Materials provided:

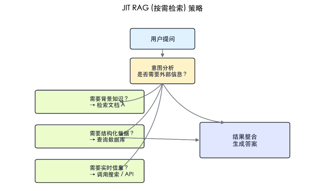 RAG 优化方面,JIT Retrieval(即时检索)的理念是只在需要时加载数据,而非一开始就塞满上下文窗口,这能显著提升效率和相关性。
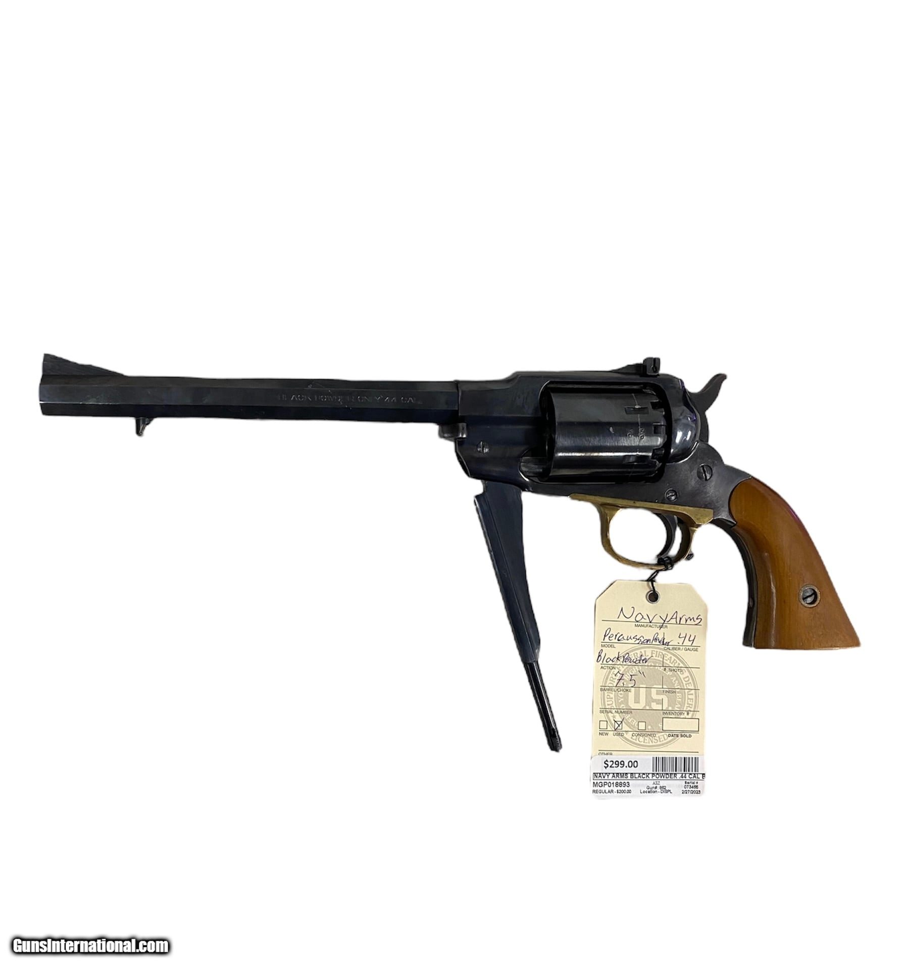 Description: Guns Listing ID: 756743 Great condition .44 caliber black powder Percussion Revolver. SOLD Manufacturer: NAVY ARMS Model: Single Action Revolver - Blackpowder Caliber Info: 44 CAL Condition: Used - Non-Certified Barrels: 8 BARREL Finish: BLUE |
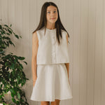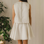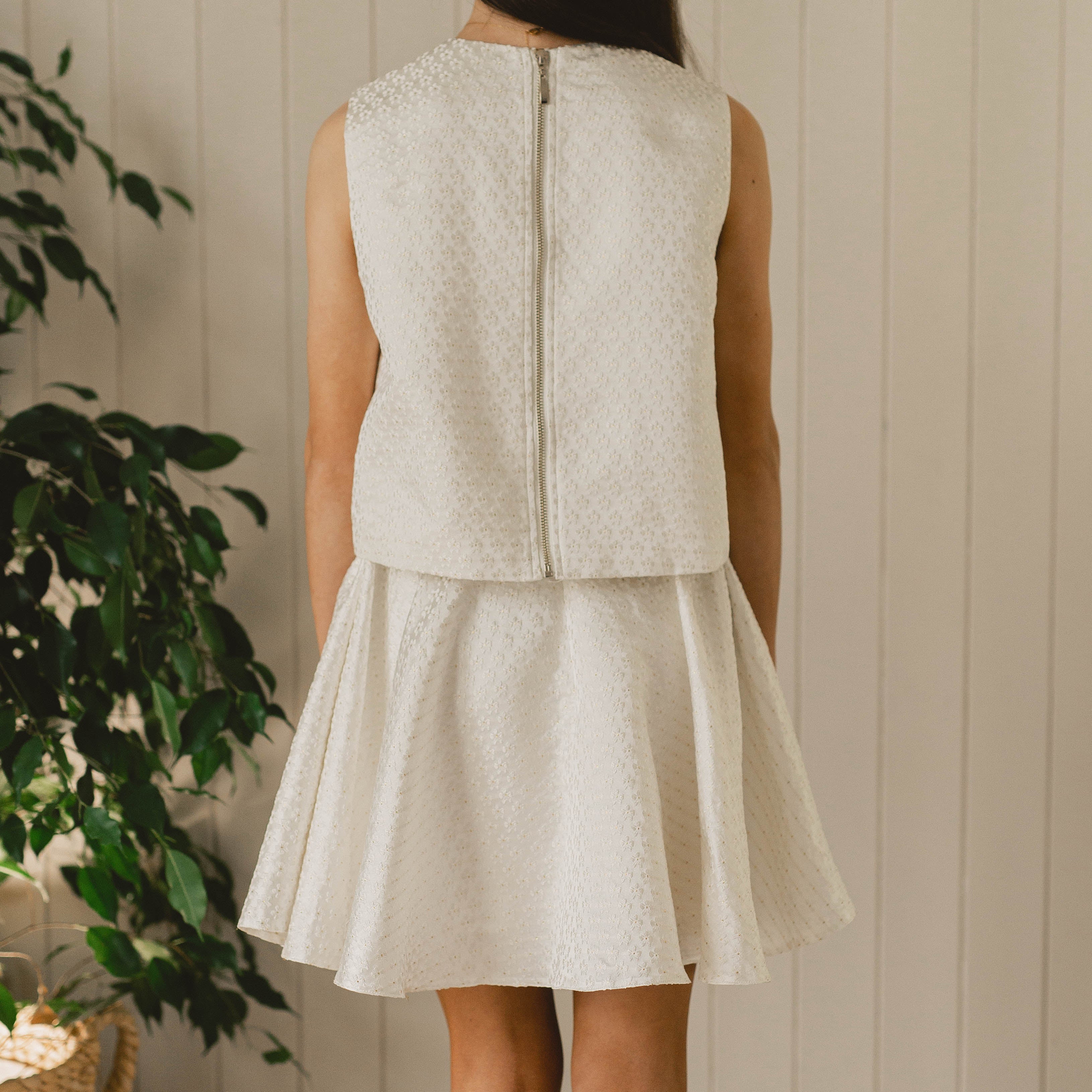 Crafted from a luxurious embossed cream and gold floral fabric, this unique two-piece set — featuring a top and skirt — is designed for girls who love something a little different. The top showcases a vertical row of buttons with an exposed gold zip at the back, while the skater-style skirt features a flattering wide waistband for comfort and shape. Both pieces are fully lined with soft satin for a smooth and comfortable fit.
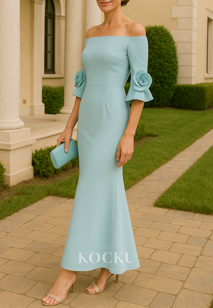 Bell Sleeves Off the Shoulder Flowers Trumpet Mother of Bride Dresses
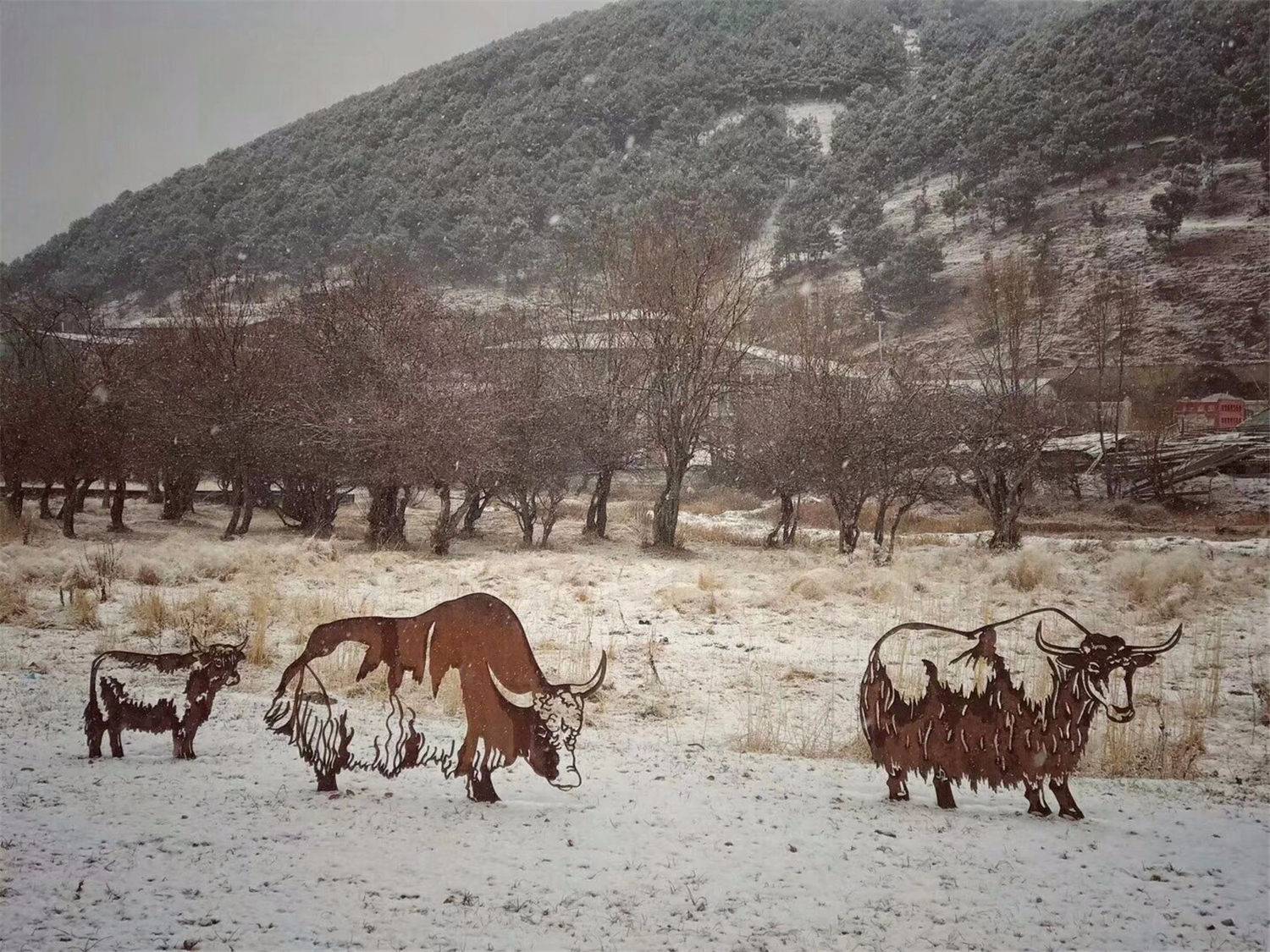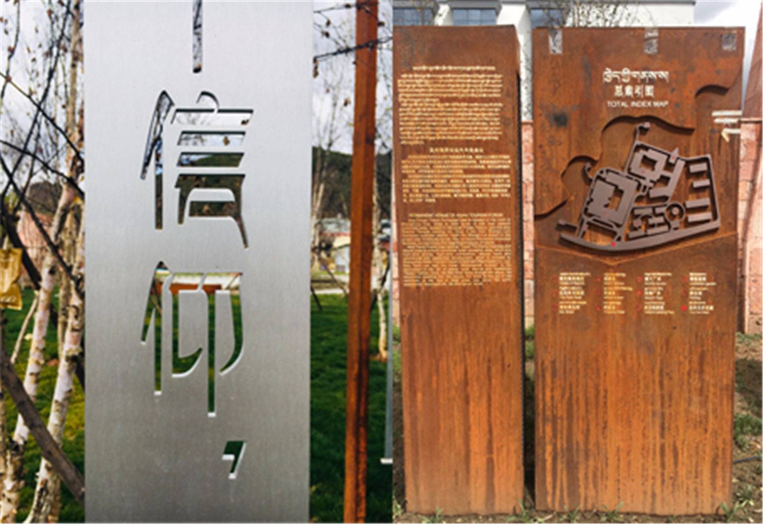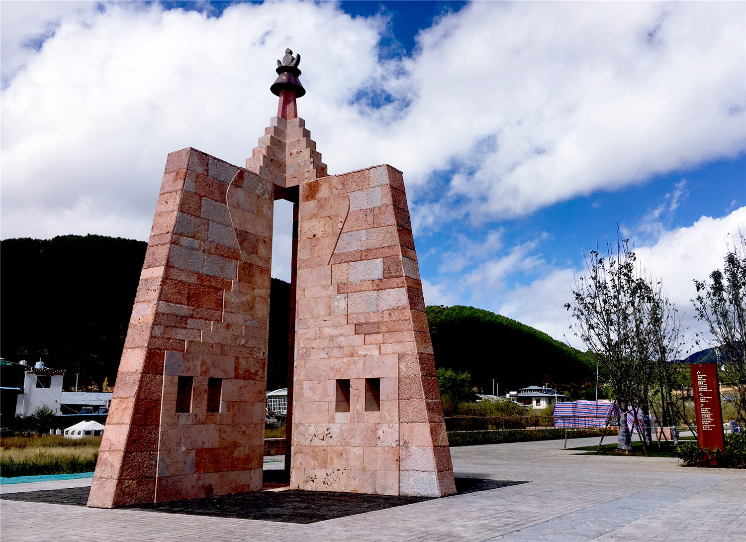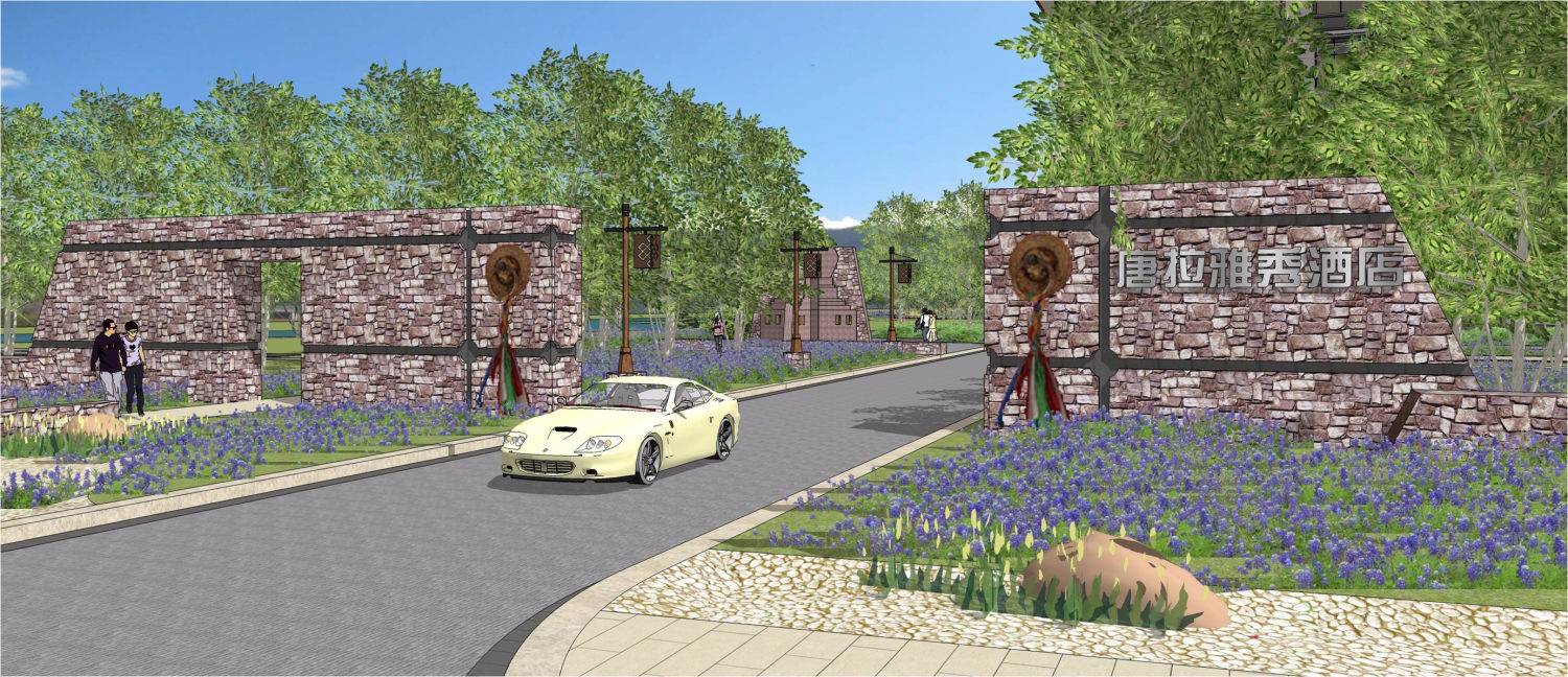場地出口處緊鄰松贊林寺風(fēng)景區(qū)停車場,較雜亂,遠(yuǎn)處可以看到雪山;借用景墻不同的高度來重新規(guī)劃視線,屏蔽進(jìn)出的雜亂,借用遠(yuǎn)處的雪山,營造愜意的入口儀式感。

Your objective: Without changing a word, transcribe all of the data and omit its images.

Final answer:
 RAG 优化方面,JIT Retrieval(即时检索)的理念是只在需要时加载数据,而非一开始就塞满上下文窗口,这能显著提升效率和相关性。
 Description: Guns Listing ID: 756743 Great condition .44 caliber black powder Percussion Revolver. SOLD Manufacturer: NAVY ARMS Model: Single Action Revolver - Blackpowder Caliber Info: 44 CAL Condition: Used - Non-Certified Barrels: 8 BARREL Finish: BLUE |
 Crafted from a luxurious embossed cream and gold floral fabric, this unique two-piece set — featuring a top and skirt — is designed for girls who love something a little different. The top showcases a vertical row of buttons with an exposed gold zip at the back, while the skater-style skirt features a flattering wide waistband for comfort and shape. Both pieces are fully lined with soft satin for a smooth and comfortable fit.
 Bell Sleeves Off the Shoulder Flowers Trumpet Mother of Bride Dresses
場地出口處緊鄰松贊林寺風(fēng)景區(qū)停車場,較雜亂,遠(yuǎn)處可以看到雪山;借用景墻不同的高度來重新規(guī)劃視線,屏蔽進(jìn)出的雜亂,借用遠(yuǎn)處的雪山,營造愜意的入口儀式感。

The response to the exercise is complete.